Available therapeutic literature can be broadly categorized as those studies of an observational nature and those studies that have a randomized experimental design.[2] The reason that studies are placed into a hierarchy is that those at the top are considered the "best evidence".[5] In the case of therapeutic trials this is the randomized controlled trial (RCT) and meta-analyses of RCTs. RCTs have within them, by the nature of randomization, an ability to help control bias.[6],[7] Bias (of which there are many types) can confound the outcome of a study such that the study may over or underestimate what the true treatment effect is.[8] Randomization is able to achieve this by not only controlling for known prognostic variables but also and more importantly controlling for the unknown prognostic variables within a sample population.[7] That is to say, the act of randomization should be able to create an equal distribution of prognostic variables (both known and unknown) within both the control and treatment groups within a study. This bias-controlling measure helps attain a more accurate estimation of the truth.[6] Those studies of a more observational nature have within their designs areas of bias not present in the randomized trial.

Meta-analyses of randomized controlled trials in effect use the data from individual RCTs and statistically pool it.[5],[9] This effectively increases the number of patients that the data was obtained from, thereby increasing the effective sample size.

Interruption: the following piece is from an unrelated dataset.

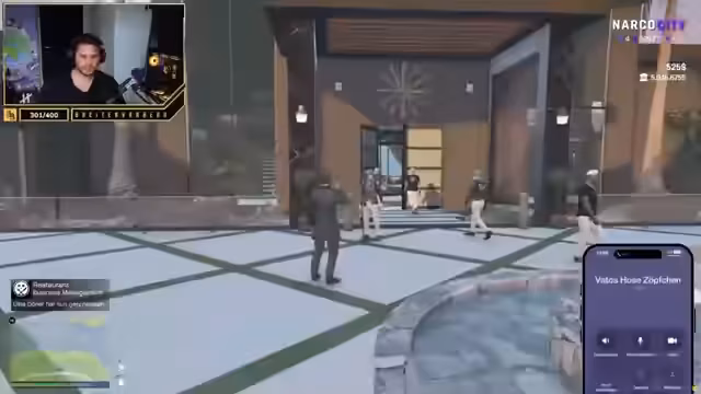 08:18:55Der Streamer und sein Team versuchen, die störende Gruppe der Gäste zu entfernen. Der Sicherheitsdienst Kassal ist jedoch überfordert und kann die Situation nicht deeskalieren. Der Streamer ruft daraufhin Hilfe von der Narcos-Familie an und fordert die Rausgewiesenen auf, das Gebäude zu verlassen. Die Drohung der Narcos führt dazu, dass die Gruppe schließlich widerwillig geht. Der Streamer entschuldigt sich bei den verbleibenden Gästen für den Zwischenfall und verspricht, das Sicherheitspersonal für zukünftige Events zu verbessern.

The major drawback to this pooling is that it is dependent on the quality of RCTs that were used.[9] For example, if three RCTs are in favor of a treatment and two are not or if the results show wide variation between the estimates of treatment effect with large confidence intervals (i.e. the precision of the point estimate of the treatment effect is poor) between different RCTs then there is some variable (or variables) causing inconsistent results between studies (one variable may in fact be differences in study quality among others) and the quality of usable results from statistical pooling will be poor. However, if five methodologically well done RCTs are used, all of which favor a treatment and have precise measures of treatment effect (i.e., narrow confidence intervals) then the data obtained from statistical pooling is much more believable. The former studies can be termed heterogeneous and the latter homogeneous.[9]

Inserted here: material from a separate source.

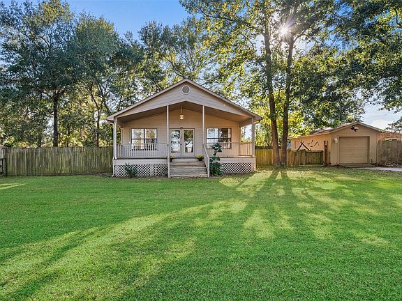 This charming 2-bed, 1-bath home on a spacious cul-de-sac lot with mature trees has endless potential. The open layout features a large living area open to the kitchen and breakfast room, framed by walls of windows and raised ceilings that make the 1,036 sq ft feel expansive, light and bright. Recent updates include a full-house generator & propane tank (2024), HVAC, leaf gutter system, water heater, washer/dryer, refrigerator, and stove in the last 3-5 years. Enjoy the large covered front porch in the mornings with a cup of coffee or in the evening with a beverage of choice. There is a side ramp for wheelchair access, and detached garage with opener perfect for all your lawn equipment. The huge backyard offers room to relax, entertain or garden. No HOA, no MUD tax! Located near major roads and everyday amenities. Bring your vision and with some updating, this home could be truly spectacular. A peaceful country setting just minutes from Tomball and Magnolia. Washer/Dryer/Fridge stays!
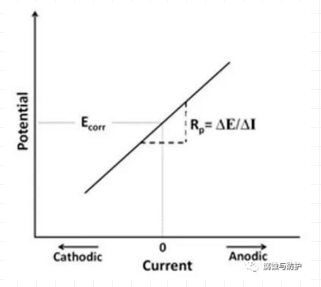 該圖顯示了LPR曲線。 線的斜率表示極化電阻(Rp)。

In contrast to this, the lowest level on the hierarchy (aside from expert opinion) is the case report and case series.[3] These are usually retrospective in nature and have no comparison group. They are able to provide outcomes for only one subgroup of the population (those with the intervention). There is the potential for the introduction of bias especially if there is incomplete data collection or follow-up which may happen with retrospective study designs. Also, these studies are usually based on a single surgeon's or center's experience which may raise doubts as to the generalizability of the results. Even with these drawbacks, this study design may be useful in many ways. They can be used effectively for hypothesis generation as well as potentially providing information on rare disease entities or complications that may be associated with certain procedures or implants. For example, reporting of infection rates following a large series of tibial fractures treated with a reamed intramedullary nail[10] or the rate of hardware failure of a particular implant to name a few.

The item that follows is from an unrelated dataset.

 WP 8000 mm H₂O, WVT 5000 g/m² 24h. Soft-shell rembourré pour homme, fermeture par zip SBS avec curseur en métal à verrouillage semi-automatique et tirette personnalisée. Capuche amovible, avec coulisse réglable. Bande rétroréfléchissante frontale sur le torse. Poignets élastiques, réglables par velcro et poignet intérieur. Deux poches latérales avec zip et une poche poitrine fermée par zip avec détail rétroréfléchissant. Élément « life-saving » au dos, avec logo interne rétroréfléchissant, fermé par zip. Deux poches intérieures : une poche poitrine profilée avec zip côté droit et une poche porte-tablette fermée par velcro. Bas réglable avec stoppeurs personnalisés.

The next level of study is the case-control. The case-control starts with a group who has had an outcome of interest and looks back at other similar individuals to see what factors may have been present in the study group and may be associated with the outcome. Let us take a hypothetical example. Those patients who have a nonunion following a tibial shaft fracture treated with an intramedullary nail. If one wanted to see what prognostic factors may have contributed to this, a group that was matched for the known prognostic variables such as age, treatment type, fracture pattern etc. could then be compared and an analysis of other prognostic variables such as smoking, nonsteroidal anti-inflammatory use or fracture pattern could be done to see if there was any association between these and the development of nonunion. The drawback to this design is that there may be unknown or as yet unidentified risk factors that would not be able to be analyzed. However, in those that are known, the strength of association may be determined and given in the form of odds ratios or sometimes relative risks. Other strengths of this study design are that they are usually less expensive to implement and can allow for a quicker "answer" to a specific question. They also can allow for analysis of multiple prognostic factors and relationships within these factors to help determine potential associations to the outcome of choice (in this case nonunion).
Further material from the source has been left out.